В этом году, как и прежде, празднование Дня семьи, любви и верности, вызвало у наших земляков много вопросов. «Про что этот навязанный сверху праздник, и к чему он?» — вопрошают калужские писатели на клавиатуре и сниматели на айфоны, приученные с равным недоверием относиться к любой правительственной инициативе. «Почему именно Петр и Феврония, отчего вдруг именно они?» — снова и снова звучит вопрос. Я сперва было думал легким слогом пересказать повесть о жизни канонизированной княжеской четы, тем более, что их судьба того стоит, но потом решил поговорить о праздниках вообще.

С праздниками у нас в стране сложно. Государственный праздник, он же по сути, что? Он есть маркер, определяющий некий важный момент. Есть вот День победы, или День космонавтики. И первый, и второй — память о важных событиях. А есть, скажем, 8 марта, международный женский день. Событий с ним никаких не связано, а связана некая фантазия об освобождении женщины. Но в любом случае, устанавливая праздники, государство заявляет: «Вот, дорогие граждане, это для вас отныне будет важно, тут, граждане, вы остановитесь, работать перестанете!.. Это, между прочим, всех касается, если кто не понял! Так вот, все бросьте, остановитесь, и внимательно подумайте. О чем я сказало, о том и подумайте.»

Но за последние двадцать лет государство так запуталось в своих же противоречивых желаниях, что с праздниками у нас стало тоже очень сложно. День независимости России, например. От чего независимости? От сотни миллионов своих сограждан? От ресурсов, от рынков сбыта, от производств, выстроенных в союзных республиках? С одной стороны президент Путин говорит, что гибель СССР — тяжелейшая геополитическая трагедия, с другой стороны — мы отмечаем день этой трагедии надувными шариками и уличными концертами. Где логика?

Или вот тот день, что празднуется нынче вместо седьмого ноября, никак не запомню, как он там... А, вот мне Википедия подсказывает, что День согласия и примирения, — кто с кем согласился? Черносотенцы Минина (это не те черносотенцы, что «бей жидов и скубентов», это другие, я потом расскажу) договорилась с Пожарским о том, чтобы поляков гнать?

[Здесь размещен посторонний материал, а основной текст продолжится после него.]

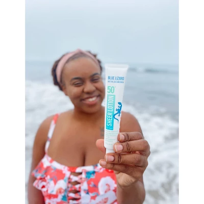 Meet your new daily sunscreen for indoor and outdoor protection. Blue Lizard’s Sheer Face sunscreen lotion rubs in smooth and dries clear for sheer mineral sun protection. This daily sunscreen combines dermatologist recommended Zinc Oxide with plant extracts that protect skin from damaging blue light. With a super blend of hydrating hyaluronic acid, antioxidants, vitamin E and shea butter, this sheer sunscreen nourishes and moisturizes skin.
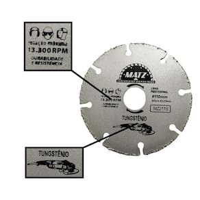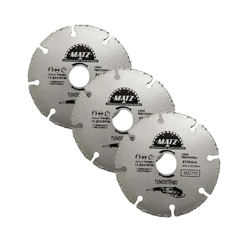 Disco de corte segmentado em tungstênio, ideal para cortes secos em madeira, MDF, compensado e acrílico. Seus segmentos de carboneto de tungstênio oferecem alta resistência ao desgaste, proporcionando cortes rápidos, precisos e com acabamento limpo. Compatível com esmerilhadeira, possui furo adaptável e acompanha anel de redução para uso em serra mármore Makita . Perfeito para marcenaria, construção e projetos que exigem precisão e durabilidade em materiais diversos.

А где тут примирение? Или что, имеется ввиду мир, наступивший после взятия Казани? А где ж тут согласие?

Но да ладно, праздники, устанавливаемые государством. Идя навстречу инициативам правительства, народ отвечает еще большим накалом шизофрении. Особенно примечателен в этом смысле день святого Валентина, позаимствованный из американского кино. У нас его не слишком образованные сограждане ругают «католическим». Так ведь нет — католики и прежде лишь факультативно почитали безвестного Валентина, погибшего от усекновения мечом, а последние десятилетия вообще празднуют в этот день память святых Кирилла и Мефодия, просветителей словенских. А что касается Валентина, то Православная церковь почитает аж трех Валентинов, но понятно, что в другие дни. Или вот праздник святого Патрика, которого столетиями в Ирландии поминали тем, что в день его памяти в трактирах и пабах не подавали горячительного. И, видимо в насмешку над ирландским подвижником и всеми святыми Ирландии (называвшейся одно время «монашеским островом»), москвичи, начиная с 1992 года, стараются в день святого Патрика Ирландского накидаться как можно основательнее. Жители провинции, кажется, уже подхватили этот почин.

И это я еще не вспоминаю про хэллоуин, католическое Рождество, буддистский новый год и прочее.

И на этом фоне установление семейного праздника в день памяти святых благоверных Петра и Февронии кажется мне попыткой отыскать в хаосе импортных традиций и чиновничьих новшеств островок здравого смысла.

Зря я все-таки отказался от идеи пересказать историю Петра и Февронии. Наверное, надо было попробовать. Ладно, через год интернет-активисты снова начнут ругать этот праздник, тогда и вспомню об этом намерении. Сегодня один только эпизод.

Вообще, то, что нам рассказывают как историю жизни Петра и Февронии — это литературный вариант лишь одной из десятка версий. История эта среди наших предков была популярна чрезвычайно, поэтому пересказывая ее, народные мастера художественного слова нет-нет, а добавляли какую-нибудь деталь. Но несколько моментов в этой повести всегда остаются неизменными. Один из таких моментов — изгнание Февронии.

Надо понимать, что в средневековом русском городе вопрос женитьбы князя — вопрос политический. Многие боярышни, а больше того — их отцы имели виды на молодого князя Петра. Потому как, братцы, стать княжеским тестем — это чистый доход при минимальной ответственности. А есть еще внешнеполитический аспект: можно взять жену не из местных, а породниться с кем-нибудь из соседних князей, у которых найдутся дочки на выданье.

И тут на тебе — князь приводит себе жену откуда-то из лесов. Говорит, что мудрая она. Что она его спасла, и он теперь ее больше жизни любит. И изволь теперь этой дочке бортника (пасечника, в нынешнем понимании) подчиняться. Не бывать!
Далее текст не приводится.